Downstream clustering and trajectory inference for stGP Microglia
This notebook uses the saved stGP outputs for the mouse brain MERFISH microglia analysis. It focuses on one mouse_id at a time, clusters cells in the stGP spatial embedding with a symmetric KNN graph and spectral clustering.
1. Setup and load stGP outputs
[1]:
import shutil, warnings
from pathlib import Path
import h5py
import numpy as np
import pandas as pd
import scanpy as sc
import scipy.sparse as sp
import matplotlib.pyplot as plt
from sklearn.neighbors import NearestNeighbors
from sklearn.cluster import SpectralClustering
from pyslingshot import Slingshot
warnings.filterwarnings('ignore', category=FutureWarning)
plt.rcParams['figure.dpi'] = 120
ROOT = Path.cwd()
CELLTYPE = 'Microglia'
STGP_DIR = ROOT / 'Results' / 'stgp' / CELLTYPE
ADATA_PATH = STGP_DIR / 'adata_with_scores.h5ad'
OUT_DIR = STGP_DIR / 'downstream_cluster'
OUT_DIR.mkdir(parents=True, exist_ok=True)
# Spatial coordinates are section-local, so run downstream trajectory on one mouse/section.

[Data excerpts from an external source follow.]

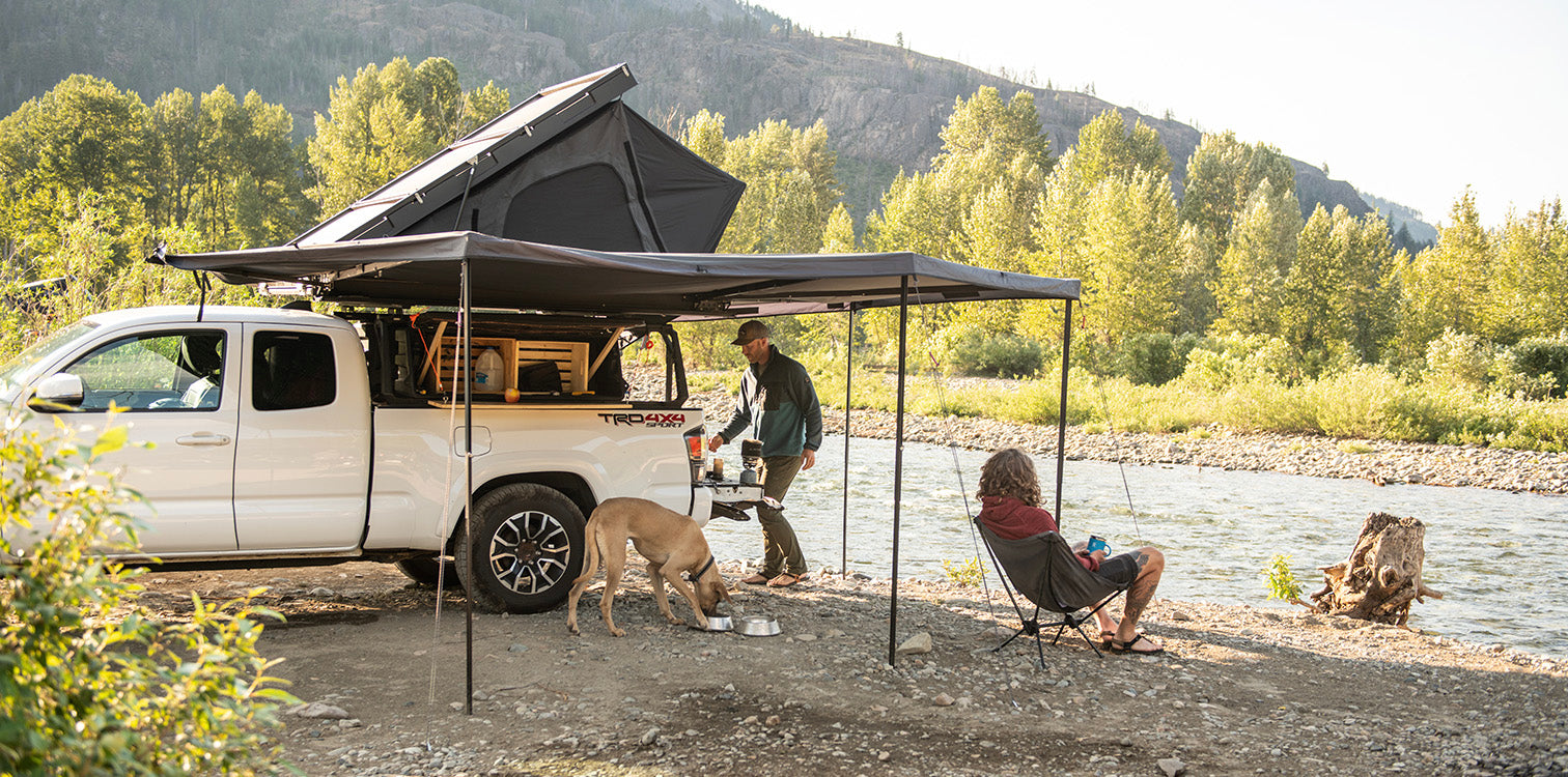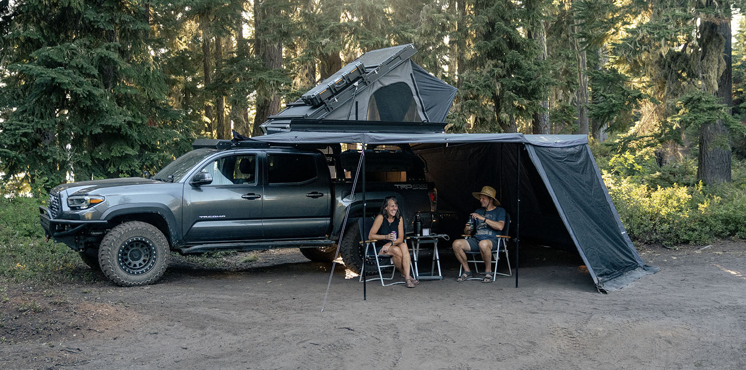 First-of-its-kind, the ExoShell 270 awning features a hard shell anodized aluminum case for unmatched durability. Forget the legs because this 270 awning is freestanding to reduce clutter around your feet and make setup a breeze. If the wind kicks up, just deploy the legs and hunker down for the night.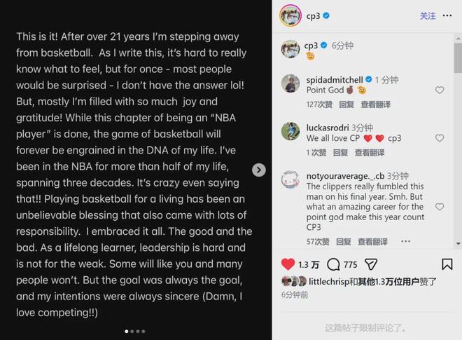 祝福保罗,希望CP3退役之后的生活更精彩!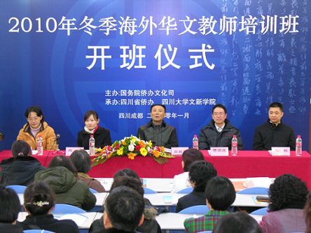 中新網(wǎng)1月6日電 據(jù)四川僑網(wǎng)消息,1月6日,由國務(wù)院僑辦文化司主辦,四川省僑辦和四川大學(xué)承辦的2010年冬季海外華文教師培訓(xùn)班在四川大學(xué)開班。這是四川省僑務(wù)系統(tǒng)首次承辦海外華文教師培訓(xùn)班。四川省僑辦副主任吳振西、四川大學(xué)文學(xué)與新聞學(xué)院院長曹順慶出席開班儀式并致辭。四川大學(xué)文學(xué)與新聞學(xué)院黨委書記熊蘭主持儀式。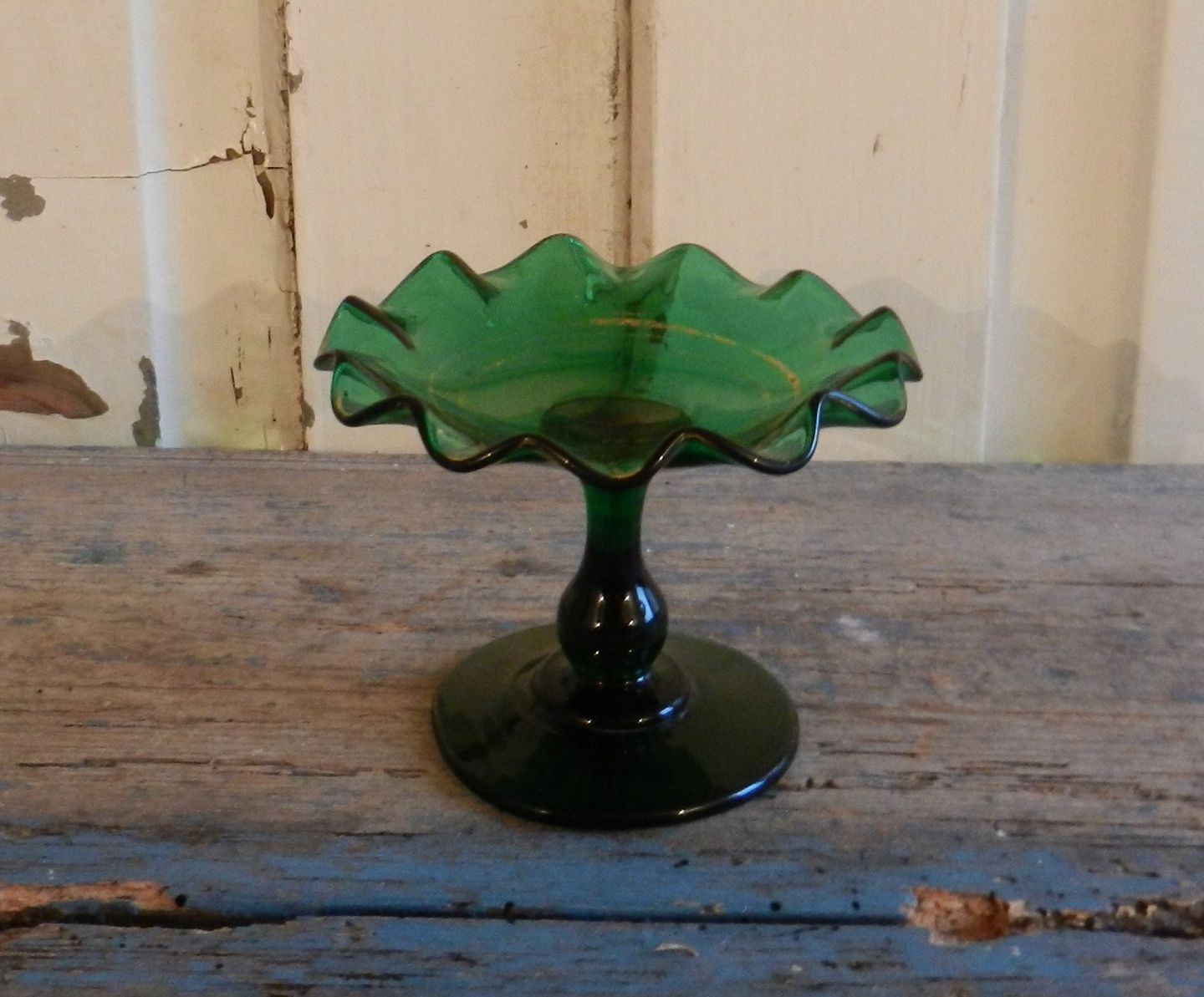 1800tals sukkerfad i mørkegrønt glas med guld dekoration.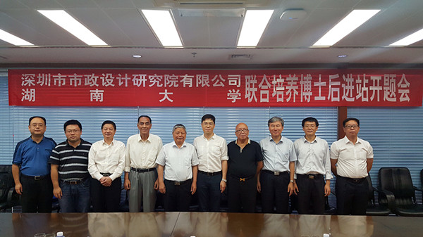 2017年7月29日下午,公司與湖南大學聯合培養博士后進站開題會在市政設計大廈三樓會議室舉行。中國工程院陳政清院士,全國工程勘察設計大師王用中、車宇琳,湖南大學華旭剛教授,東南大學宗周紅教授,地鐵集團陳湘生總工程師,深圳市人社局周寬山科長以及我公司董事長陳宜言設計大師等相關領導、專家參加會議。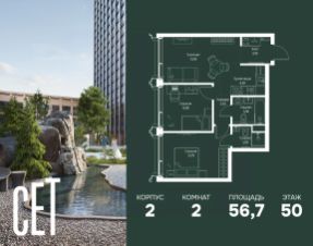 В ЖК Сет продается 2-комнатная квартира площадью 56.70 м², расположенная в корпусе 2, на 50 этаже 59 этажного дома.

# Set MOUSE_ID = None to use all microglia, but spatial overlays across mice are not recommended.
MOUSE_ID = '97'
TRUTH_KEY = 'subregion'
ROOT_TRUTH_LABEL = 'CC/ACO'
START_CLUSTER = None # None selects the stGP domain most enriched for ROOT_TRUTH_LABEL.
N_EPOCHS = 10
RANDOM_STATE = 1234
def _prepare_nichescope_h5ad(path: Path, cache_dir: Path) -> Path:
"""Return a NicheScope-readable copy when the stGP h5ad contains null encodings."""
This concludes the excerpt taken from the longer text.